== PROBLEM REQUIREMENTS ==
Print only the lines below from the one with "1990年10月15日李国伟致张奠宙" to the one with "This molten nylon", both included, exactly as they stand. Leave pictures out.

Segment Start: TASK INPUTS

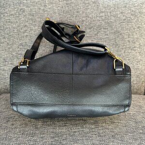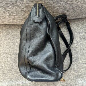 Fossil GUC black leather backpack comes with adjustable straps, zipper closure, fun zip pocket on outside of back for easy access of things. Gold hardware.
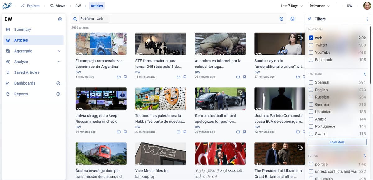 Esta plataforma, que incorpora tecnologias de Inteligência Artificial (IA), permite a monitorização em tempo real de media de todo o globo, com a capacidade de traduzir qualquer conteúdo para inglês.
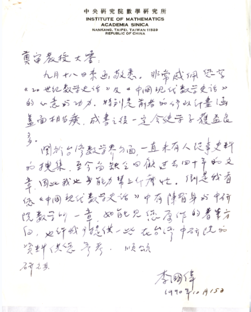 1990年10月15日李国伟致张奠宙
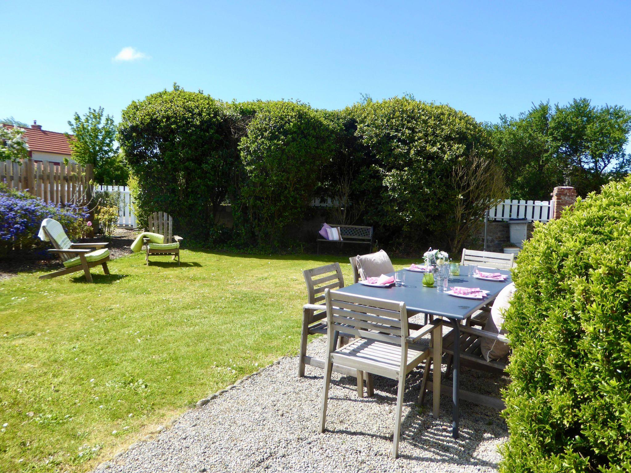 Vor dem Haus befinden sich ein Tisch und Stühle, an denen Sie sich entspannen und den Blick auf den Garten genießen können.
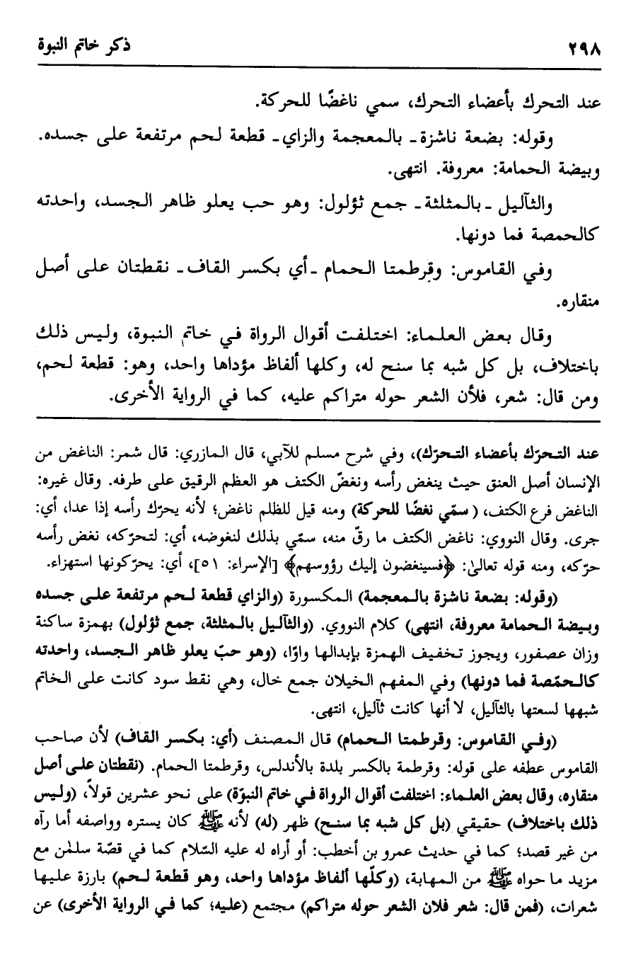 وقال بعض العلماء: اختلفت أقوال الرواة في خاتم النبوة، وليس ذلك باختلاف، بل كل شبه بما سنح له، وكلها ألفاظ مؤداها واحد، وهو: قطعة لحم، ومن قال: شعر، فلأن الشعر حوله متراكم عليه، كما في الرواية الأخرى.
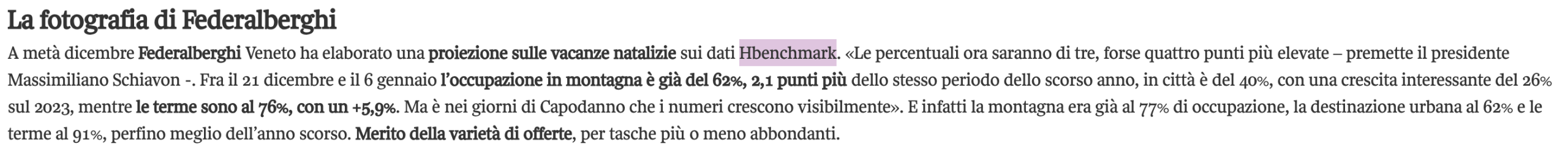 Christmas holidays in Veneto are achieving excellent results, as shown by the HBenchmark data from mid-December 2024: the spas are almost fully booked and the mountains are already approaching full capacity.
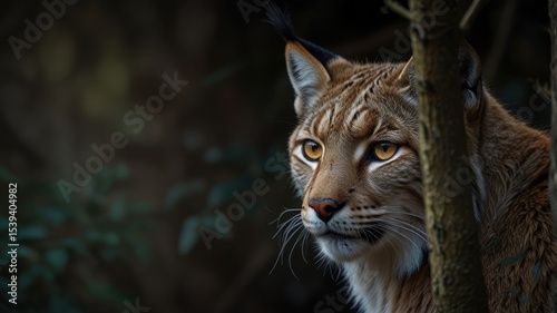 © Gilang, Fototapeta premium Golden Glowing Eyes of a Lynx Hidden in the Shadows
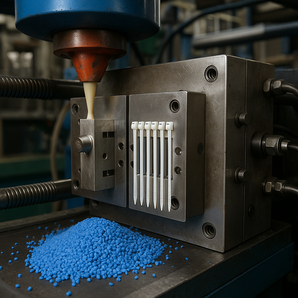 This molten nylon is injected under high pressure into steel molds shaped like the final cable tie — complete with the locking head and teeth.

Segment End: TASK INPUTS
Segment Start: TASK INPUTS

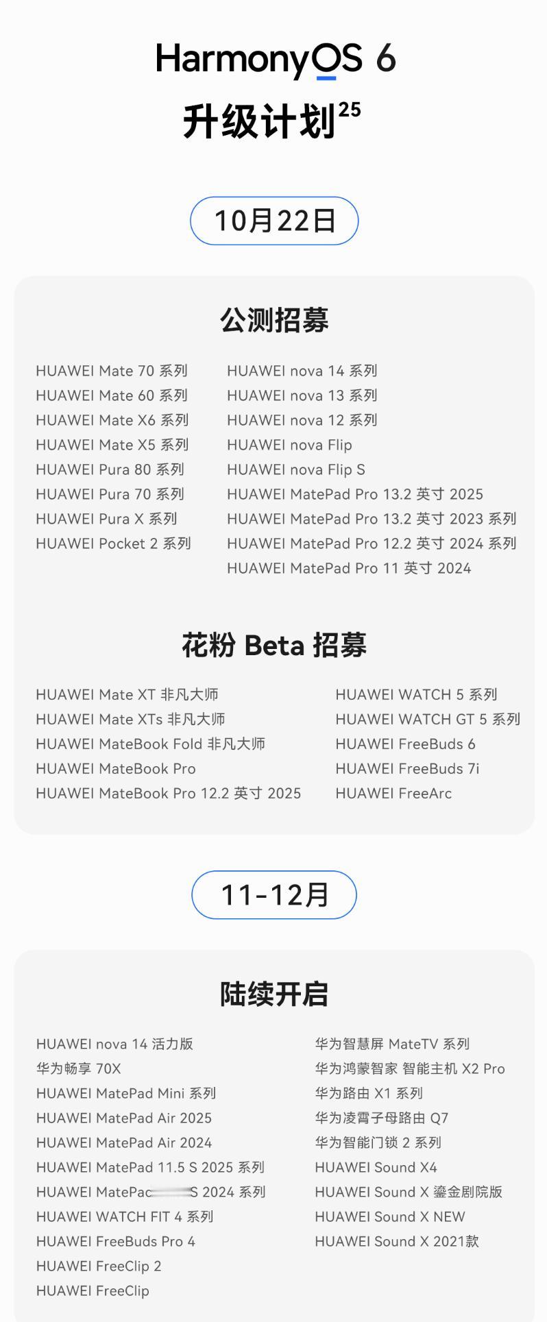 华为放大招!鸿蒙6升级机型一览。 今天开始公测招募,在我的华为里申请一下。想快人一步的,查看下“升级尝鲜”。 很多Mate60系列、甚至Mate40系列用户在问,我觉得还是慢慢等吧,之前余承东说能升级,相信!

Segment End: TASK INPUTS

== WRITTEN RESPONSE ==
 1990年10月15日李国伟致张奠宙
 Vor dem Haus befinden sich ein Tisch und Stühle, an denen Sie sich entspannen und den Blick auf den Garten genießen können.
 وقال بعض العلماء: اختلفت أقوال الرواة في خاتم النبوة، وليس ذلك باختلاف، بل كل شبه بما سنح له، وكلها ألفاظ مؤداها واحد، وهو: قطعة لحم، ومن قال: شعر، فلأن الشعر حوله متراكم عليه، كما في الرواية الأخرى.
 Christmas holidays in Veneto are achieving excellent results, as shown by the HBenchmark data from mid-December 2024: the spas are almost fully booked and the mountains are already approaching full capacity.
 © Gilang, Fototapeta premium Golden Glowing Eyes of a Lynx Hidden in the Shadows
 This molten nylon is injected under high pressure into steel molds shaped like the final cable tie — complete with the locking head and teeth.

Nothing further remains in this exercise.